Thankyou ever so much. Hopefully I'll be logging on in the morning to say I have a lovely litter, or a still pregnant cat!! xx


----------



## carly87 (Feb 11, 2011)

Hi there

If you need syringes or bottles and teats to feed kittens, Pets at Home stock the Lactol feeding set. I don't think they have Semi-cat (sp?) though. KMR is also a good milk substitute, but hopefully mum will feed them and this won't be a worry. Make sure to give mum lots of high quality wet food rather than only dry. She'll need all the moisture she can get when they start suckling from her. Just keep an eye on her. Feel her tummy. Watch for contractions. Has she engaged in any nesting behaviours yet? If you do need help, I've just talked my aunt through a very difficult labour with her cat. All of her kittens survived. Just give me a shout and I'll see what i can do.


----------



## Taylorbaby (Jan 10, 2009)

carly87 said:


> Hi there
> 
> If you need syringes or bottles and teats to feed kittens, Pets at Home stock the Lactol feeding set. I don't think they have Semi-cat (sp?) though. KMR is also a good milk substitute, but hopefully mum will feed them and this won't be a worry. Make sure to give mum lots of high quality wet food rather than only dry. She'll need all the moisture she can get when they start suckling from her. Just keep an eye on her. Feel her tummy. Watch for contractions. Has she engaged in any nesting behaviours yet? If you do need help, I've just talked my aunt through a very difficult labour with her cat. All of her kittens survived. Just give me a shout and I'll see what i can do.

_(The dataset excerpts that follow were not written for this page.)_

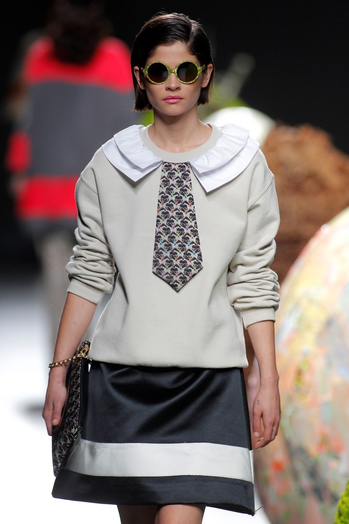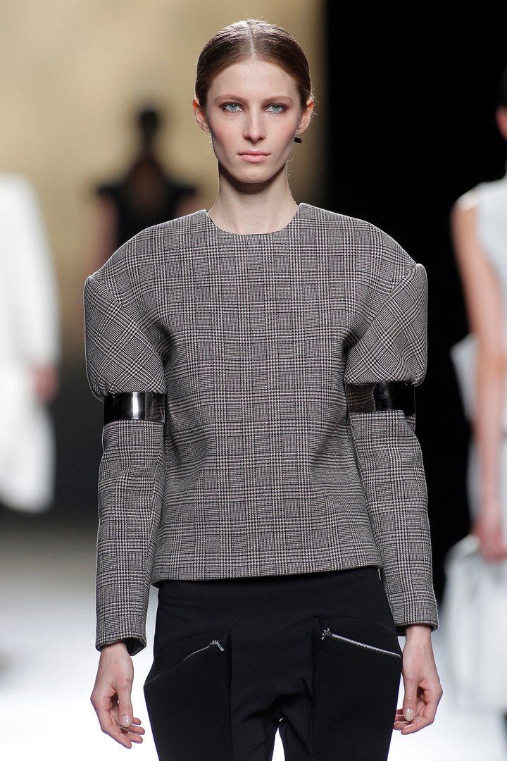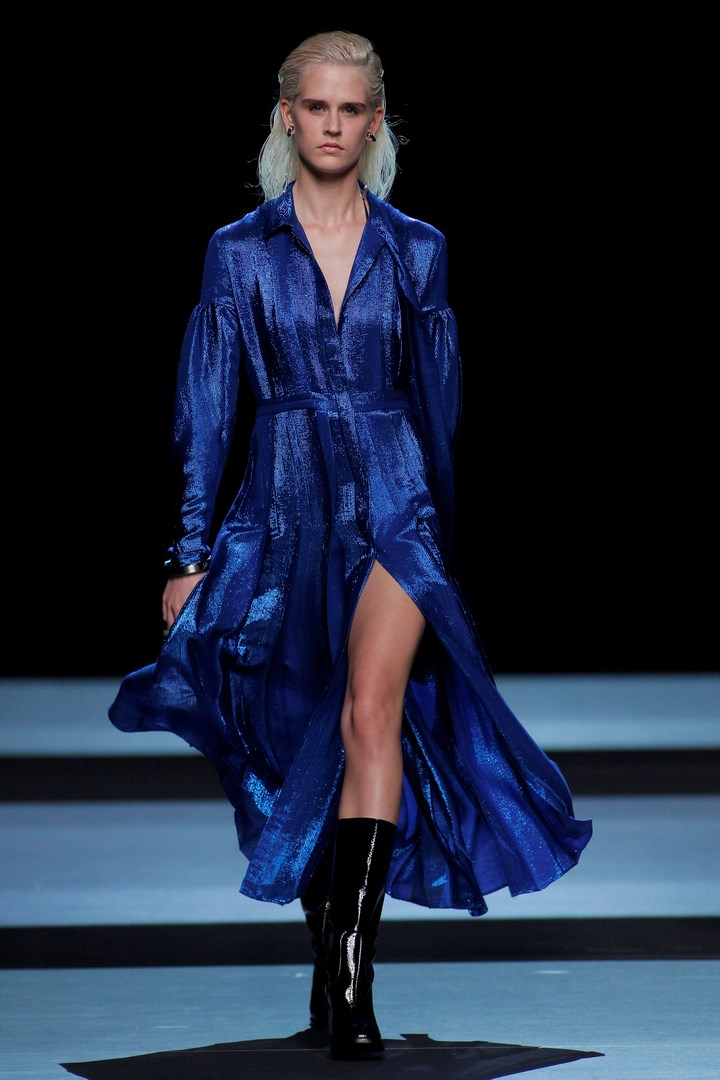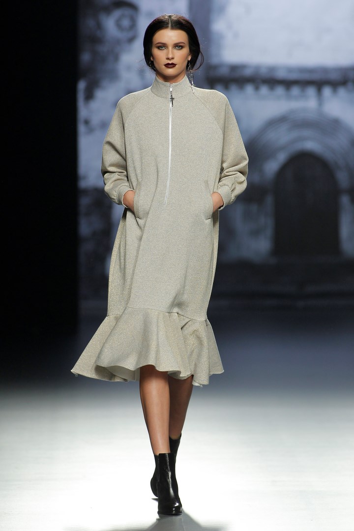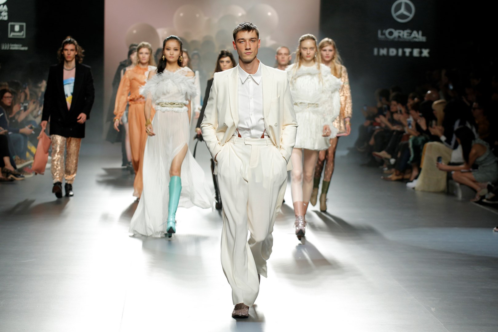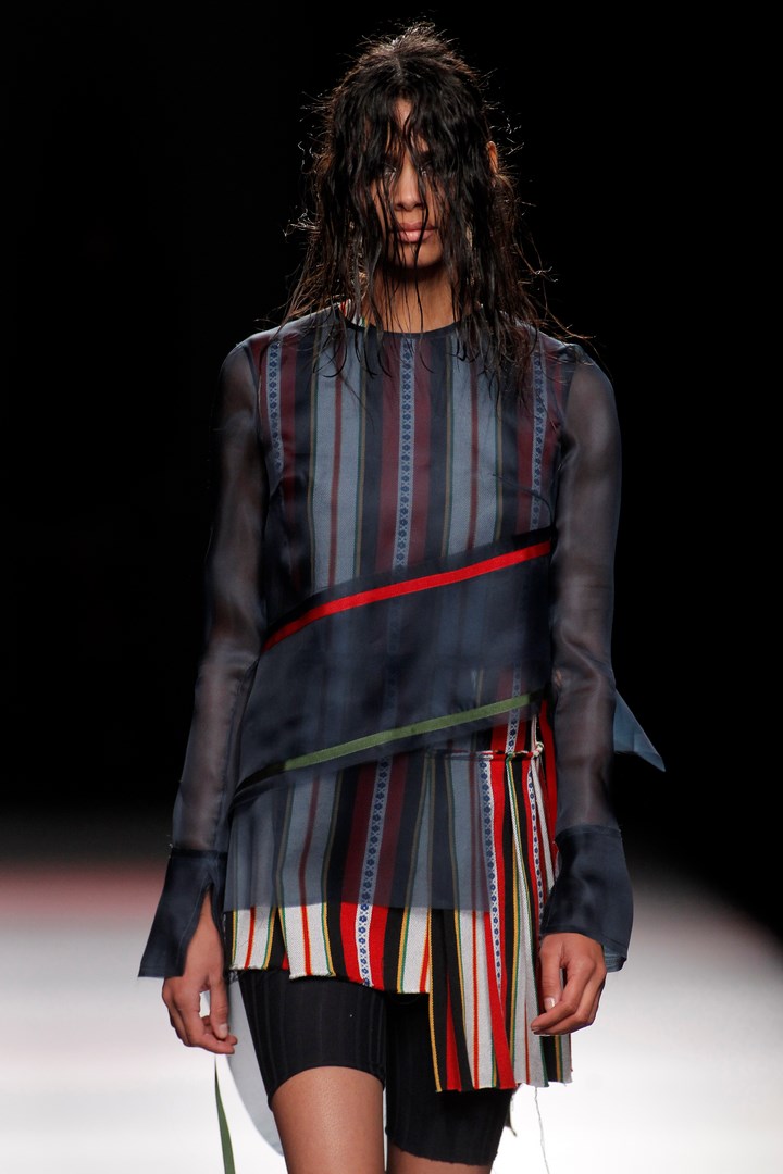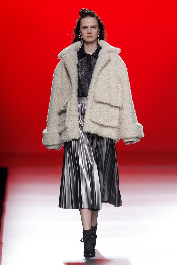Moises Nieto opened the second day of fashion shows in MBFWM. The designer from Gijón presented a feisty and protesting woman, inspired by Spain in the 40s and in the aftermath of the Civil War. Nieto gives voice to femininity in the shape of mini dresses and flounces outlining the silhouette. Fraying tartan stands out as the star of the collection in contrast to metallic pleats. A mix of fabrics and textures that move between rigidity and languor claiming comfort.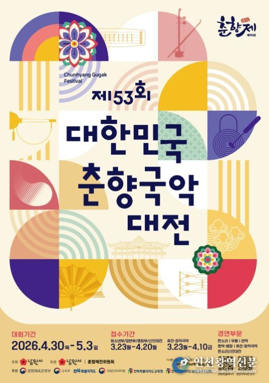 한편, 제53회 춘향국악대전의 상세 접수 일정과 세부 사항은 3월 초 남원시 누리집과 춘향제전위원회 누리집 등을 통해 공지될 예정이다.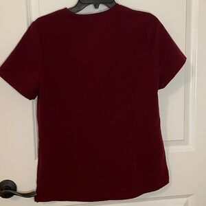 Comfortable burgundy scrub top by Figs.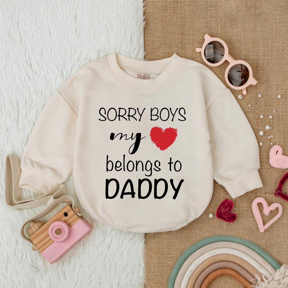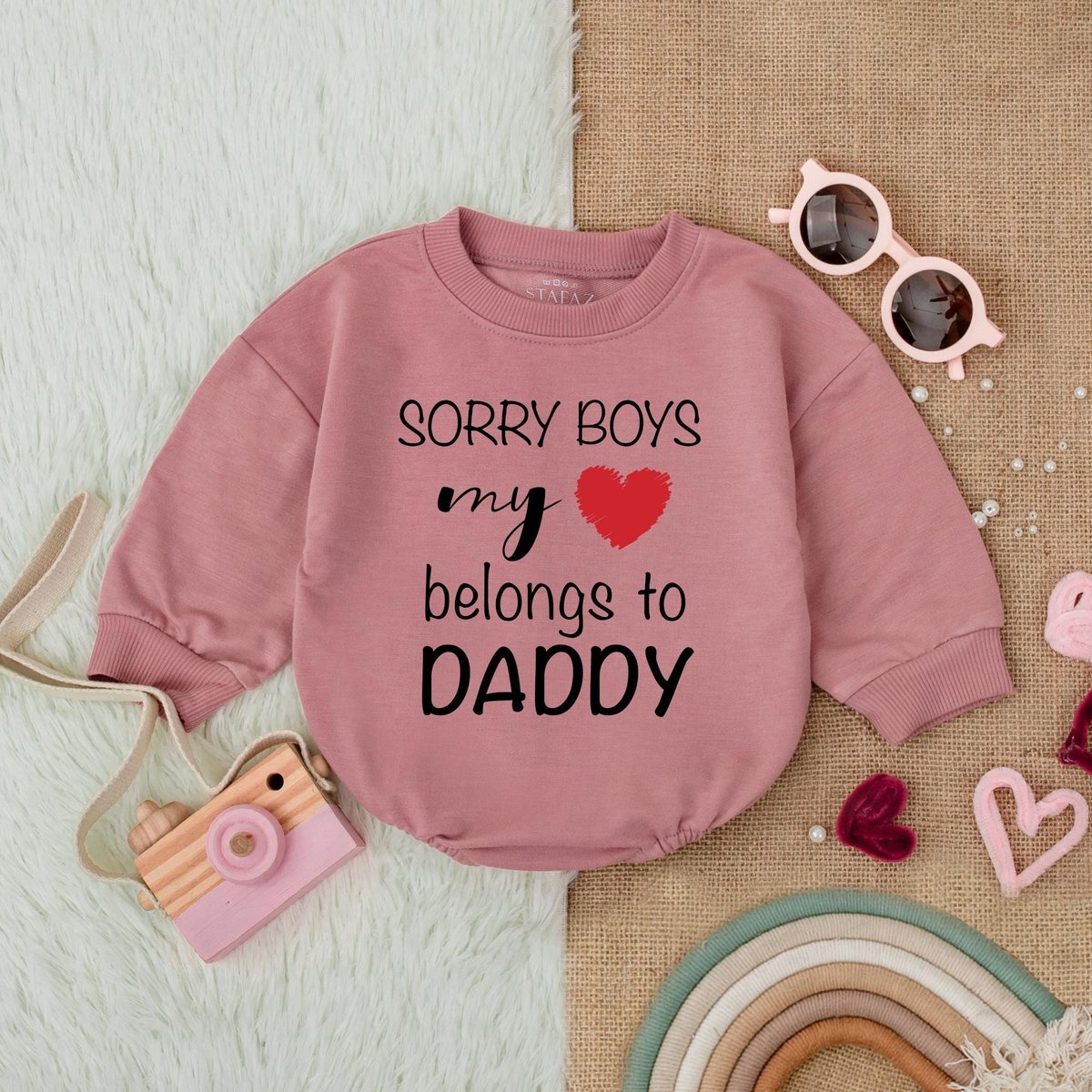 My Heart Belongs To Daddy Baby Bubble Romper Baby Girl ClothesFirst Valentines Baby OutfitValentines 184

the bottles are pretty rubbish, never had a kitten take to a bottle, well no I had 1 in a litter of 8  ddint help much! But PAH do lactol, which Im currently using as cimi-cat gave them upset tums, but I still like cimi-cat.

yes 100% mum has to have good quality food before & after as much as she can eat!

how is she doing?


----------



## greg1 (Jun 18, 2011)

You can't ever completely trust the vets. When I rescued my cat, I brought her to be spayed and they didn't even realize she was about half term with two kittens until they opened her up. The vet suggested I abort the kittens, which I did. After, I felt horrible and was upset that the vet didn't detect the kittens BEFORE the surgery. I definitely would have not made that decision if her abdomen wasn't already cut open and I was under pressure.


----------



## missye87 (Apr 4, 2011)

How did she become pregnant if she is neutered?  

Any good news for us?


----------



## Taylorbaby (Jan 10, 2009)

greg1 said:


> You can't ever completely trust the vets. When I rescued my cat, I brought her to be spayed and they didn't even realize she was about half term with two kittens until they opened her up. The vet suggested I abort the kittens, which I did. After, I felt horrible and was upset that the vet didn't detect the kittens BEFORE the surgery. I definitely would have not made that decision if her abdomen wasn't already cut open and I was under pressure.


I think you madethe best decision for her, dont feel guilty x


----------



## Dannielle100 (May 23, 2011)

Hi guys, no news, she settled down again and hasn't acted the same since?
She is on wet kitten food only, she always has dry food down, but only occasionally nibbles at it. 
I still am yet to see any kitten activity, yet this week, she has been quite aggressive and has started grooming A LOT. She's constantly very sleepy, but will only sleep in the same spot in the living room now, so not sure if that will be where she will have her kittens? Will keep you all updated, but I guess she has a few weeks to go still? How soon after seeing the kittens moving will she be due? Is there any 'for sure' signs I can look out for? xx


----------



## Taylorbaby (Jan 10, 2009)

Dannielle100 said:


> Hi guys, no news, she settled down again and hasn't acted the same since?
> She is on wet kitten food only, she always has dry food down, but only occasionally nibbles at it.
> I still am yet to see any kitten activity, yet this week, she has been quite aggressive and has started grooming A LOT. She's constantly very sleepy, but will only sleep in the same spot in the living room now, so not sure if that will be where she will have her kittens? Will keep you all updated, but I guess she has a few weeks to go still? How soon after seeing the kittens moving will she be due? Is there any 'for sure' signs I can look out for? xx


going by Your dates shes is due any second so it will be impossible for her to have weeks to go!

most people dont see kittens move if they are packed in tight, they normalyl stop moving a few days beforethe birth to


----------



## carly87 (Feb 11, 2011)

TB, it might be worth mentioning that this isn't always true. My aunt's cat had a wriggling belly right up until about three hours before she kittened, and at two days before, I could feel them very clearly. Also, I agree with you that kittens don't normally take to a bottle, but if the OP is in a pinch and needs something quickly, this is an option as not all vets will stock teats.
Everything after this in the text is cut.